Описание книги "Расцвет реализма"
Описание и краткое содержание "Расцвет реализма" читать бесплатно онлайн.
Третий том «Истории русской литературы» посвящен литературе второй половины прошлого века (1856–1881), эпохе могущества расцвета русского реализма и его мировой славы.
Ничего нет парадоксального в том, что «практик» Трензинский, поучающий «поэта» и «идеалиста», выше всех философов и систематиков ставит Шекспира. Его покоряет широта понимания и видения Шекспира, полное отсутствие формализма, острое ощущение того, что в XIX в. обычно называли живой жизнью: «Живая индивидуальность – вот порог, за который цепляется ваша философия, и Шекспир, бессомненно, лучше всех философов, от Анаксагора до Гегеля, понимал своим путем это необъятное море противоречий, борений, добродетелей, пороков, увлечений, прекрасного и гнусного – море, заключенное в маленьком пространстве от диафрагмы до черепа и спаянное неразрывно в живой индивидуальности…» (I, 314). Слова Трензинского о Шекспире почти совершенно стирают грань между его особенным скептицизмом и реальным мировоззрением Герцена. Да он очень во многом и есть сам Герцен, но переболевший уже романтизмом и идеализмом: в диалоге встретились две эпохи его жизни, а соответственно и два мировоззрения; авторское разъяснительное прямое слово не оставляет никаких сомнений, какое из них представляется Герцену действенным, истинным и современным. Скептицизм Трензинского не ведет к пустоте, не погружает человека в отчаяние. Ум Трензинского – резкий и охлажденный, как ум любимого Герценом пушкинского героя. Парадоксы и странные мнения Трензинского, смущающие поэтический, мечтательный ум молодого человека, – трезвые истины, странные лишь для тех, кто не привык к анализу, слепо верит в идолы и кумиры.

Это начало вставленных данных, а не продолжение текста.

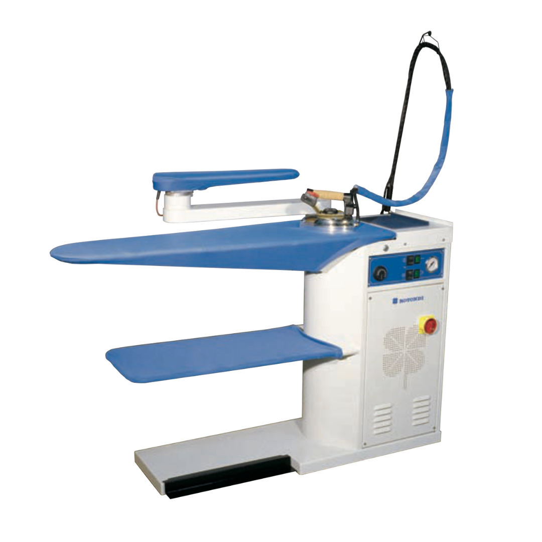 ROTONDI model PVT 38 Ironing table with specifications as follows: • Electric heated, 5 kW element • Self-contained • Built-in vacuum, 0.80 HP motor • Built-in steam boiler, 8 lt. capacity • Water feed pump • Includes model EC-420 Electric steam iron • 208/60/3 • UL / ETL approved

Доктор Крупов из одноименной повести, вызвавшей восторги современников, надолго вошедшей в их сознание (характерны упоминания герценовского героя и его теории в публицистике Достоевского 60-х гг.), гораздо в меньшей степени alter ego автора, чем Трензинский и чудак из «Капризов и раздумья». Это вполне и всесторонне объективированный герой со своей несложной и в общих чертах изложенной биографией, прямо приведшей его к теории о безумии человечества. Если в связи со скептицизмом Трензинского вспоминается, хотя бы и для противопоставления, Юм, философ, чью скептическую теорию познания хорошо корректирует гуманное высоконравственное начало, то теория Крупова скорее соотнесена с философией истории Гоббса. Рассуждения Крупова эмоционально окрашены – они печальны и безнадежны: «черная сторона жизни» в повести не преобладает даже, а только одна и присутствует. Теория Крупова универсальна и изложена с мужественной последовательностью. «История доселе остается непонятною от ошибочной точки зрения. Историки, будучи большею частию не врачами, не знают, на что обращать внимание; они стремятся везде выставить после придуманную разумность и необходимость всех народов и событий; совсем напротив, надобно на историю взглянуть с точки зрения патологии, надобно взглянуть на исторические лица с точки зрения <…> нелепости и ненужности <…> Впрочем, в наш образованный век стыдно доказывать простую мысль, что история – аутобиография сумасшедшего» (IV, 264). Это свифтовский способ видения мира.[236] В «объяснительном прибавлении» к повести, написанном от лица героя, Герцен вскрывает полемическую окраску теории Крупова, прямо указывая на объекты полемики: романтизм, аристократизм, национализм. Очень прозрачно там же прозвучали и вызывающие слова, что хотя герой средств лечения и не представил, но это больше потому, что «далеко не все сказал». Ограничившись констанцией полемически-памфлетной сути повести и ясным намеком на радикальное средство лечения мира, Герцен завершил рассказ горькой и невеселой шуткой.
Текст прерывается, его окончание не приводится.